Fig. 1 is a schematic diagram of a citric acid injection system for continuous kidney replacement therapy according to an embodiment of the present invention;

fig. 2 is a schematic diagram of functional modules of a citric acid injection system for continuous kidney replacement therapy according to an embodiment of the present invention;

FIG. 3 is a schematic circuit diagram of a signal source module according to an embodiment of the present invention;

FIG. 4 is a schematic circuit diagram of a signal processing module according to an embodiment of the present invention;

FIG. 5 is a schematic circuit diagram of a drip speed detection receiving module according to an embodiment of the present invention;

fig. 6 is a schematic circuit diagram of a liquid level detection receiving module according to an embodiment of the present invention.

Detailed Description

The present invention will be described in further detail with reference to the drawings and examples, in order to make the objects, technical solutions and advantages of the present invention more apparent. It should be understood that the specific embodiments described herein are for purposes of illustration only and are not intended to limit the scope of the invention.

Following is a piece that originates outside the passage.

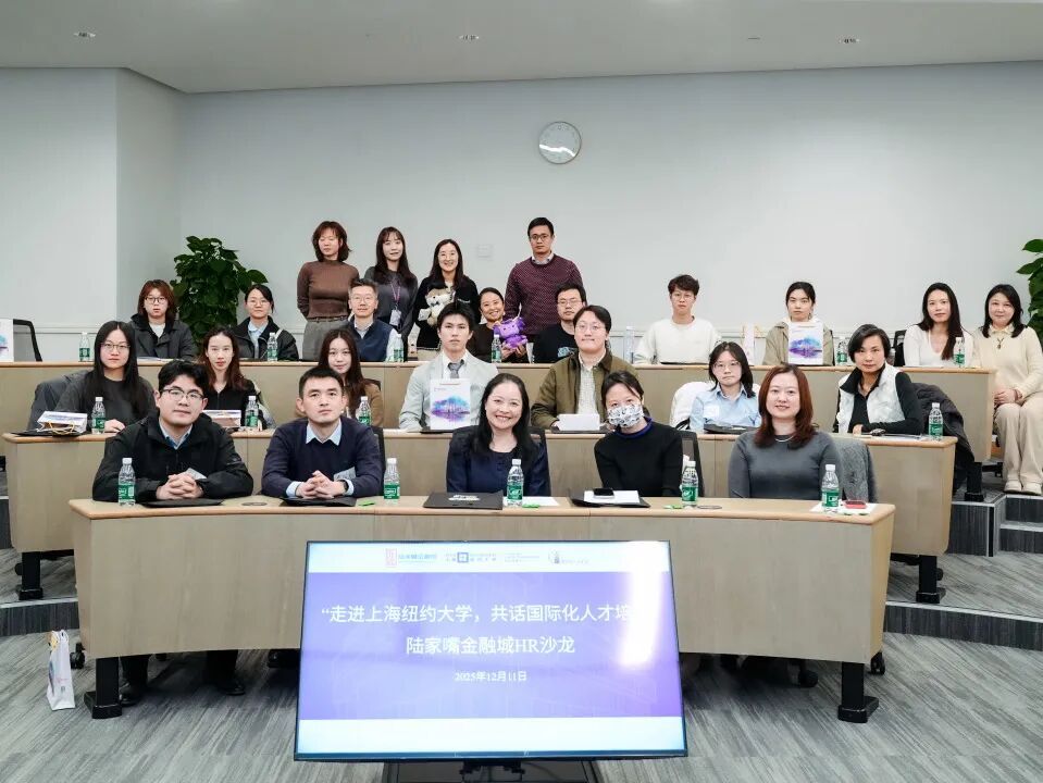 为贯彻浦东新区人才政策,强化政校企三方的联动纽带,助力浦东新区打造“青创第一城”,建设人才新高地,2025年12月11日下午,陆家嘴管理局人才金港联合上海纽约大学职业发展中心,举办陆家嘴金融城HR沙龙第119期。20位来自金融城的企业代表与上纽大师生共同探讨人才发展话题。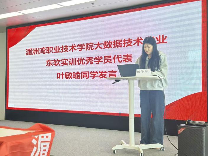 表彰结束后,大数据技术专业、动漫制作技术专业实训优秀学员代表依次登台发言。他们衷心感谢实训期间各位老师的悉心指导与同学们的互助同行,分享了从理论学习到实践操作的成长感悟,以及在技能提升、团队协作中的收获与体会,言语间满含对实训经历的珍视与对未来职业道路的期许。

It should be noted that although functional block division is performed in a device diagram and a logic sequence is shown in a flowchart, in some cases, the steps shown or described may be performed in a different order than the block division in the device, or in the flowchart. The terms first, second, third and the like in the description, in the claims and in the above-described figures, are used for distinguishing between similar objects and not necessarily for describing a particular sequential or chronological order.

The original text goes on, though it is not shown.